Do such labels really matter?

I was raised Catholic, but as a small child, I was taught by my parents and by a couple of very kind Catholic nuns that "God" is in the "green of the grass and the warmth of the sunshine", etc., and for some reason that was something I could understand and believe. And I still do, though in a more sophisticated way. I like reading about cosmology and quantum physics and that sort of thing, and I still believe that the universe is a wondrous expression of "God", just as I did when I was a kid.

Is that a form of 'paganism'? I don't think so, really, as I learned to think of it this way from a couple of Catholic nuns, but to tell the truth I don't much care either way. Most people of any religion would agree that "God" is the source and sustenance of all that exists, so my thinking is right in line with most of humanity.
i don't see god in people, except perhaps when a person does something extraordinarily giving.
Seeing "God" in the world around us (and it's people) is a choice, I think. I certainly didn't see God in people for most of my life. In fact, I was just the opposite. I saw human beings as a kind of scourge on the Earth, killing it and everything on it with our endless selfish ignorance, fear, and greed. But the circumstances of my life forced me to have to reassess my attitude, and helped me to see that I was choosing to see humanity this way, and that my choice was biased by my personal circumstances (a chronic addiction). So I was able, in time, to let go of that view and to develop a new, much more positive and forgiving way of conceptualizing humanity. And the result, in the end, was that I eventually came to see the mystery, joy, and wonder of "God" in humanity just as I could see it in the rest of the universe. People are, after all, very much a part of the whole. We are as real and as natural as any other aspect of 'nature'.

To my mind, now, we are even more so, because we can express and experience 'love'. That makes us even more extraordinary, and we do so in transcendence of our own bio-physical natures.
so, how do i find a group of like minded prayers?
That depends on how you like to pray, and what it's purpose is for you, I guess. There are universalist churches that accept people of varying religious beliefs, and of unspecified beliefs, that I'm sure would be accommodating. But I would think almost any church would be happy to open and share their prayer groups.
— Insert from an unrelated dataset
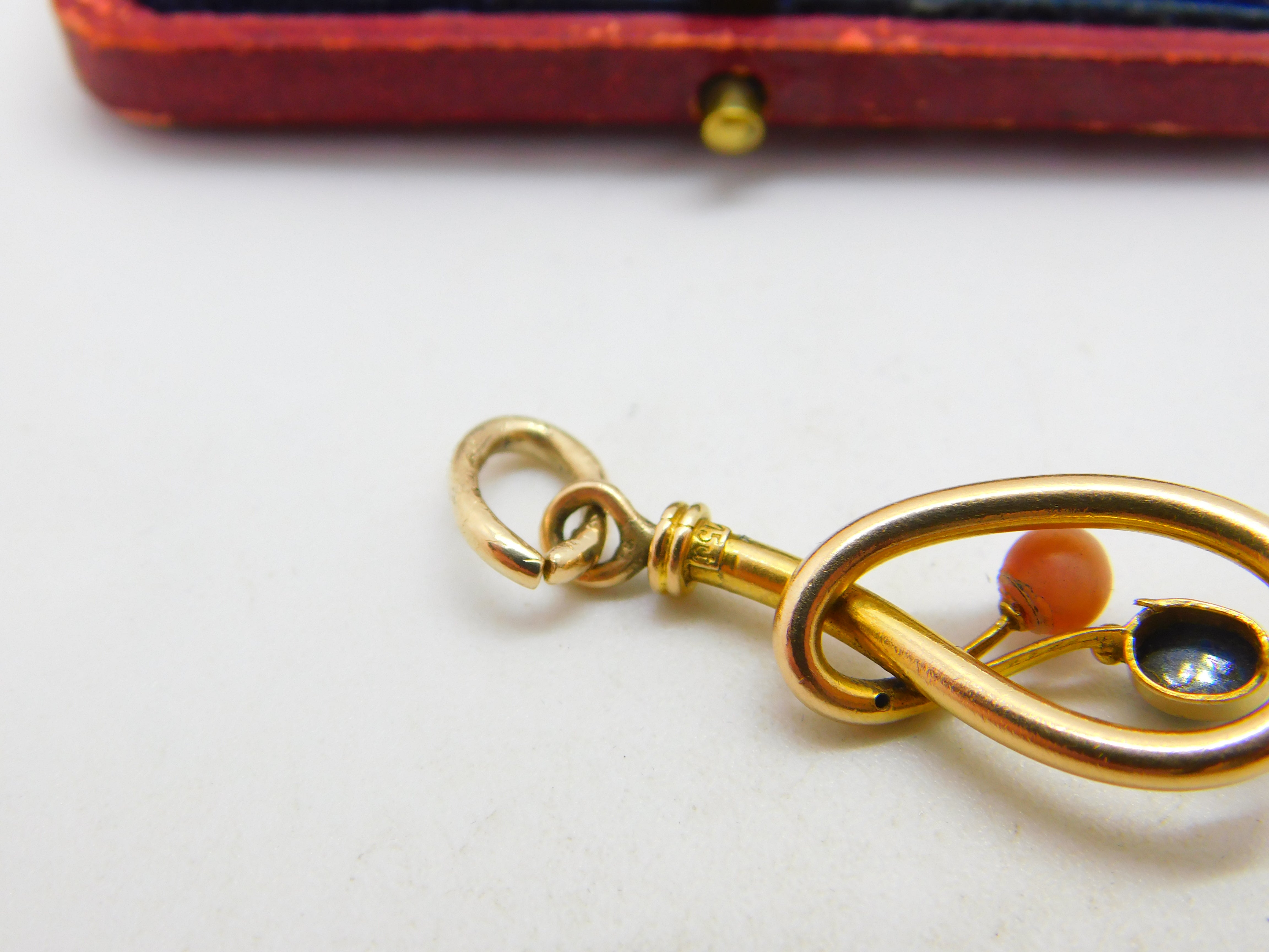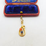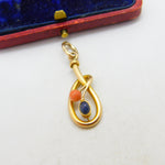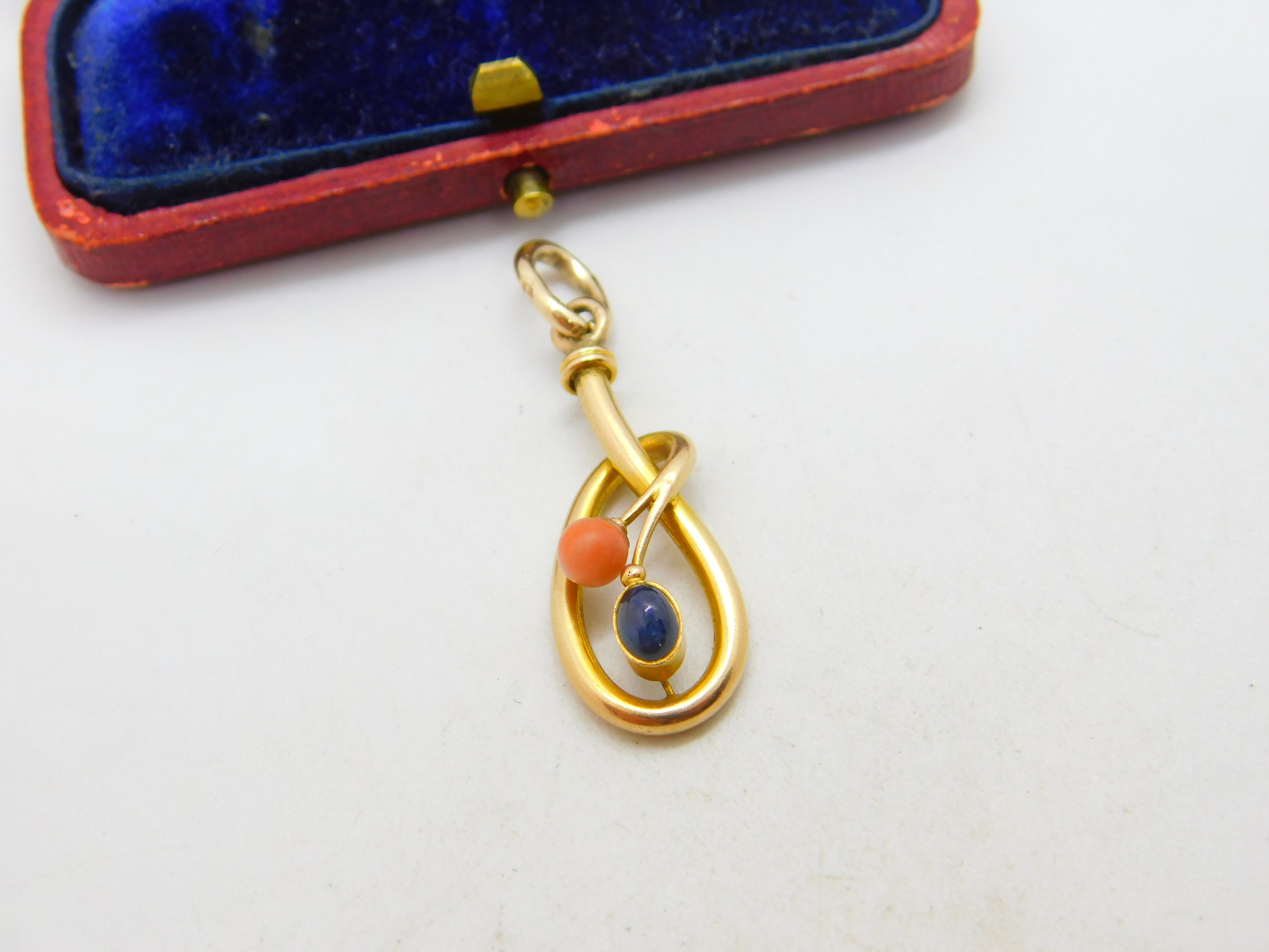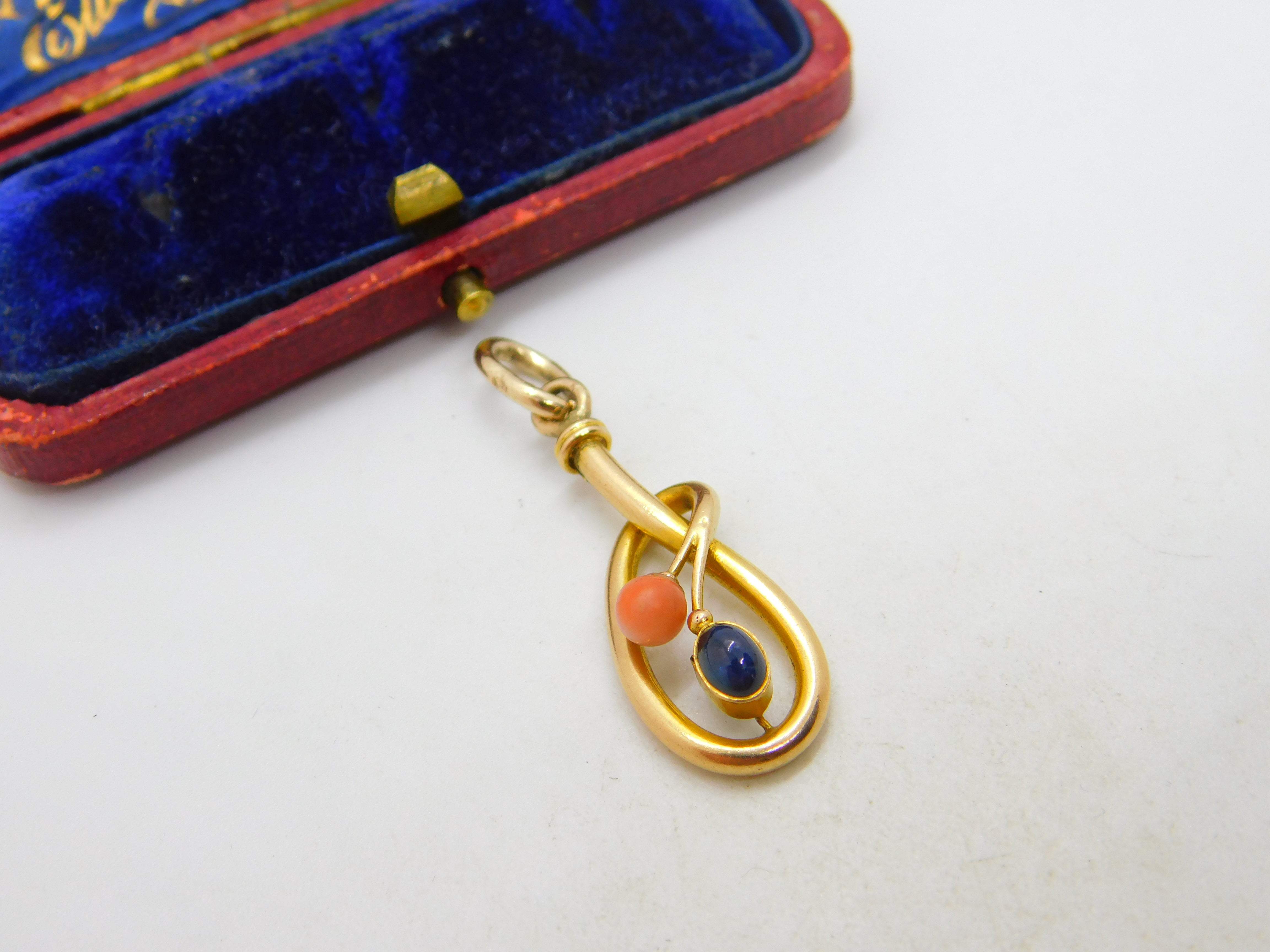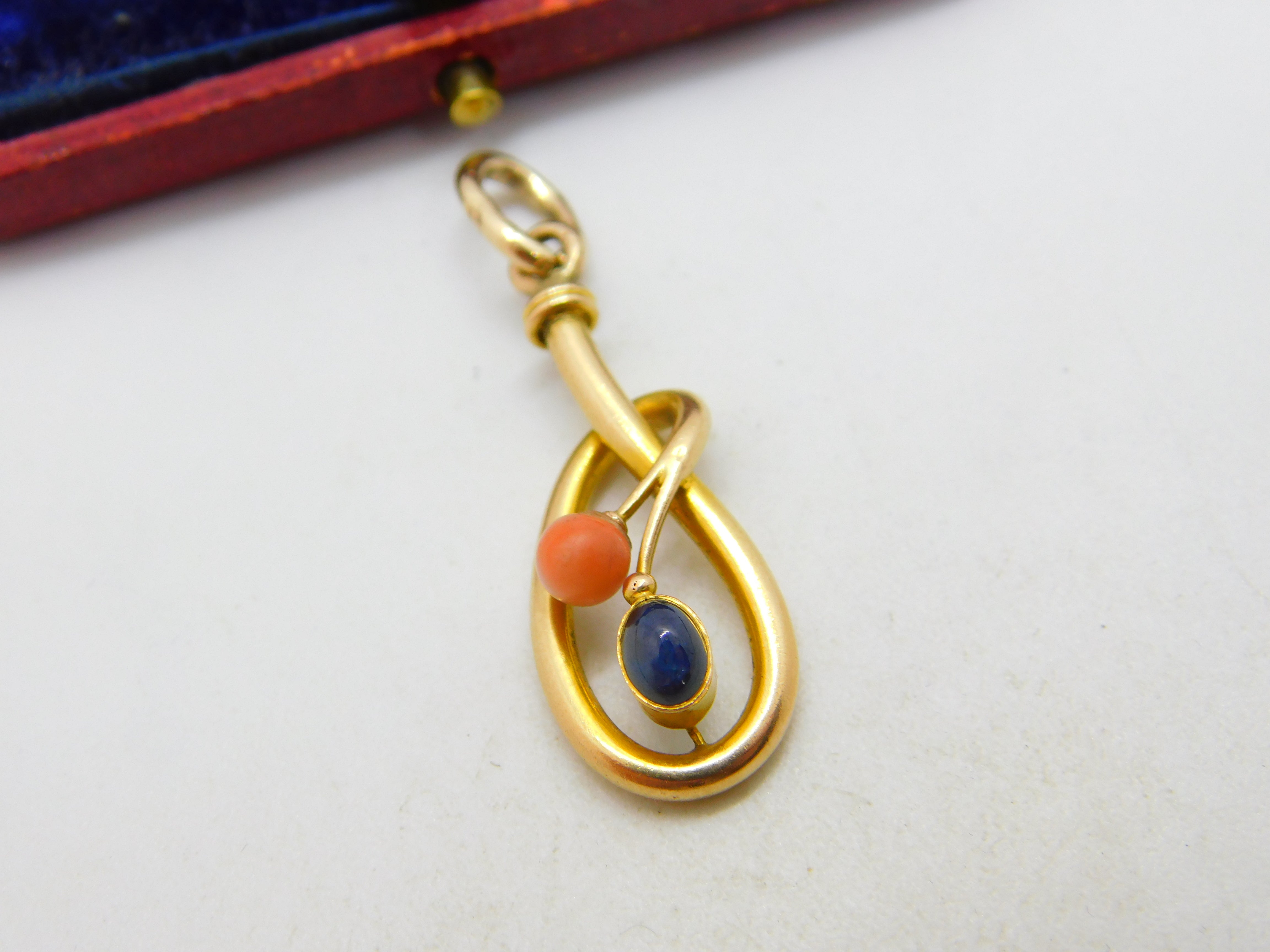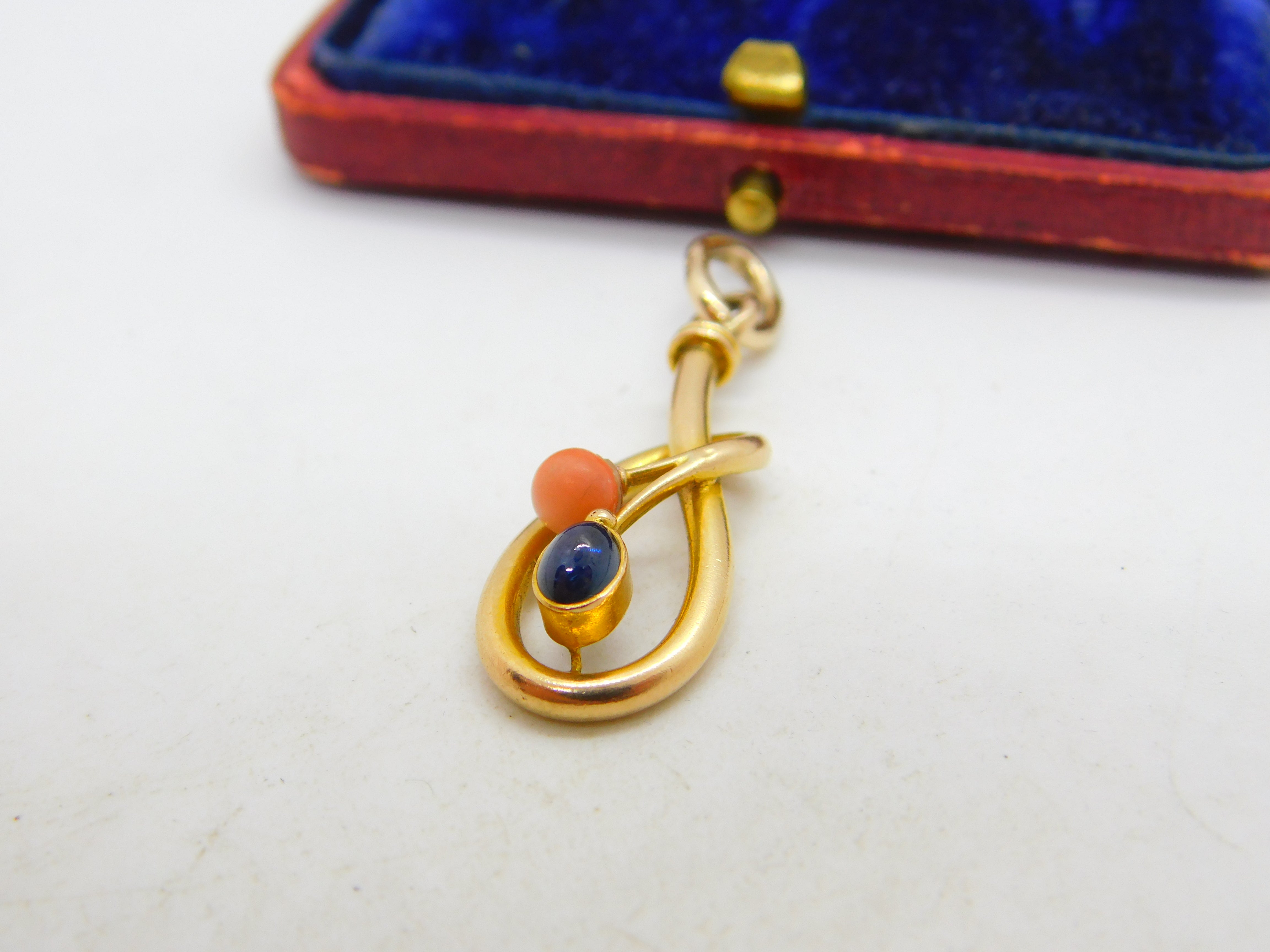 Victorian 15ct Gold, Coral & Cabochon Sapphire Art Nouveau Drop Pendant c1900

If it's just fellowship you're looking for, you'll probably have to do some 'trial and error'. Unfortunately, a lot of organized religious believers seek to either indoctrinate or reject newcomers. And that can be both very confusing and disheartening for someone like yourself.
sorry i am so confused and my newness to all of this certainly is apparent.
It sounds to me like you have a wonderfully open and natural internal inclination toward "God". You may not be as confused as you think.